The work group will focus on three areas in the coming months. The first will be in supporting hawkers, said Minister of State for Communications and Information and National Development Tan Kiat How.

This could mean helping those less familiar with technology or may need extra assistance to take online orders, for instance.

He said better organisation is required within hawker centres to coordinate delivery orders, such as by using a hybrid model, where someone is physically present at the hawker centre to coordinate customer orders placed via an app.

He added that bundling orders from different stores is also necessary, and can help reduce the cost of delivery when done well and efficiently.

To ensure that the current business model is sustainable, he said it is important to think about the commissions charged by food delivery platforms, which include the fees paid to delivery riders.

Hawkers must also receive their payouts immediately so that they can pay for supplies, and the price of hawker food charged to the consumer must be sustainable, he added.

The work group also has to think of ways to increase demand for hawker food deliveries, said Mr Tan.

This can be done by raising awareness of the food delivery platforms and hawker stalls on these platforms, and by marketing to the surrounding workplaces and housing estates, for example.

Mr Anthony Low, chairman of the hawkers division of the Federation of Merchants' Association Singapore, agreed that it is helpful for hawkers to move onto delivery platforms.

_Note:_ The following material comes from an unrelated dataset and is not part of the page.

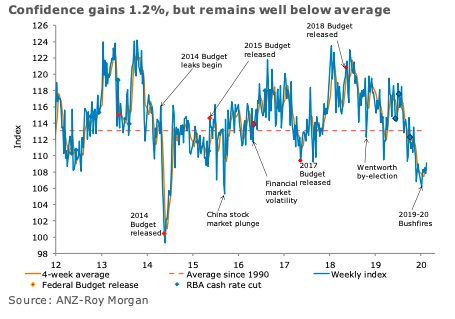 "The ANZ Roy-Morgan Australian Consumer Confidence index has risen to its highest level in 2020, with sentiment possibly buoyed by the continued gains in asset prices. The fact the coronavirus hasn’t become established in Australia might be a contributing factor, although the measures taken by the Government to help ensure this remains the case will have economic consequences. This week the key domestic influences on sentiment will be wage and employment data. We aren’t expecting the news to be flash, which may see confidence dip over the coming week and so continue the up and down behaviour seen in recent weeks," said David Plank, ANZ’s Head of Australian Economics.
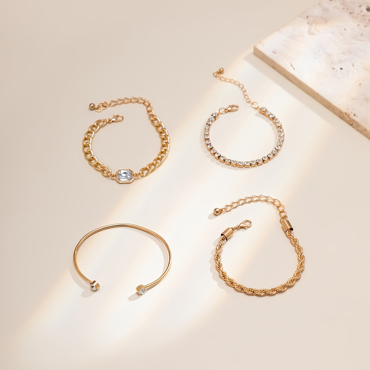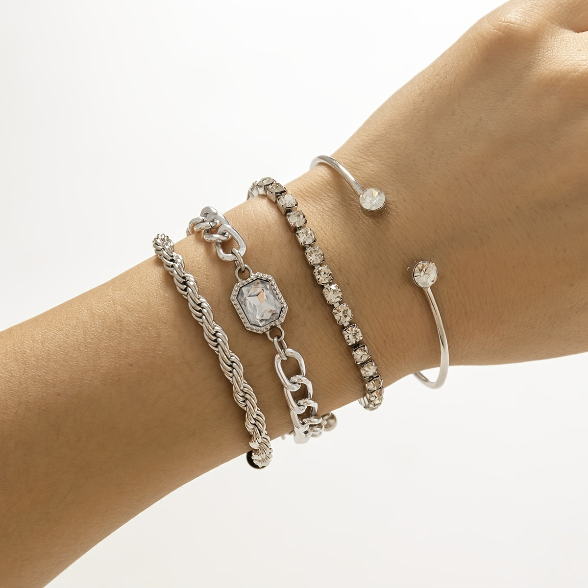 Add a touch of vintage charm to your look with this set of 4 dinosaur-themed open bracelets. Perfect for holiday style and a unique accessory for any outfit.

He added that he has encouraged more hawkers to overcome their fear of using technology and to start having a social media presence in order to raise awareness of their business.

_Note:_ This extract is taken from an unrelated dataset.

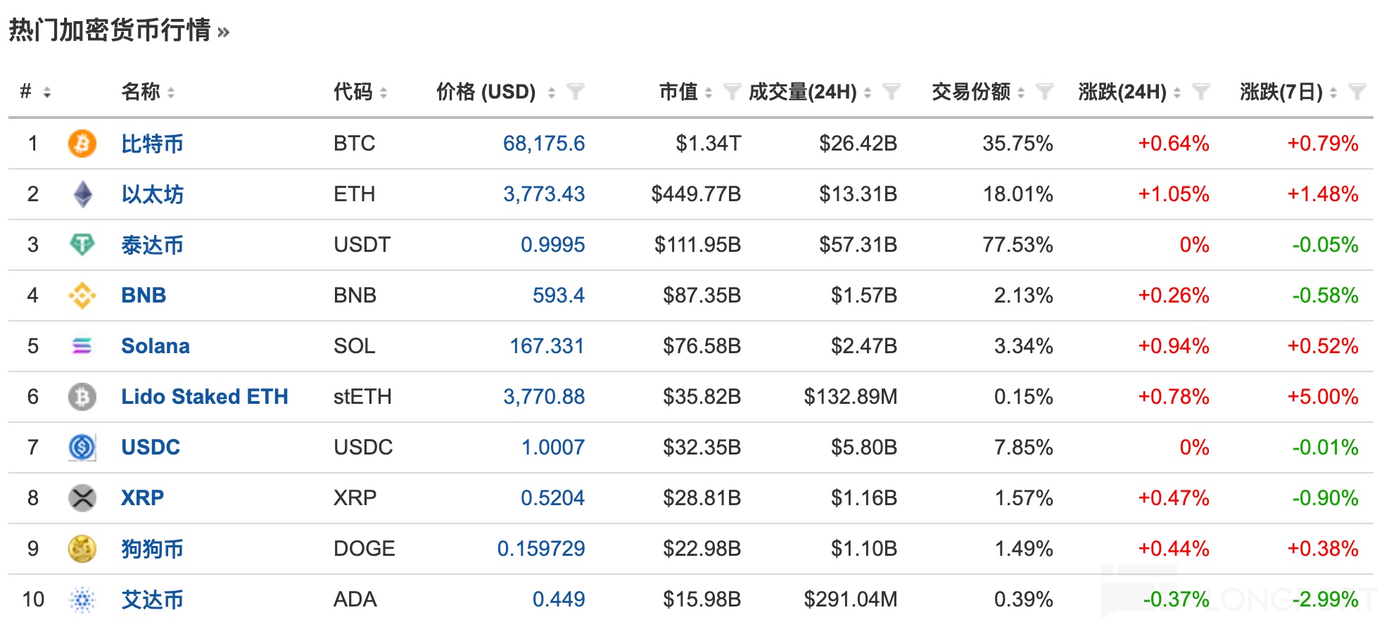 比特币现报 68175 美元,24 小时涨近 1%;以太坊现报 3773 美元,24 小时涨超 1%。

Halal food delivery app Bungkus has seen two to three times more hawker sign-ups amid this heightened alert period, said the firm's chief operating officer, Mr Baru Walia. Over a third of its 300 merchants are hawker stalls.

As its merchant base in a niche market is smaller, Bungkus can provide more personalised service, he said. For instance, merchants who are less tech savvy can communicate with Bungkus staff via WhatsApp to meet delivery orders.

"The merchants can notify us instantly if they missed out on any orders, or if their store is closed for the day, for instance," said Mr Baru.

"From there, we can then help them deactivate the store or go offline during that duration, which they find very helpful. They know that we will assist them and guide them through it, so they know there's nothing to fear with technology," he added.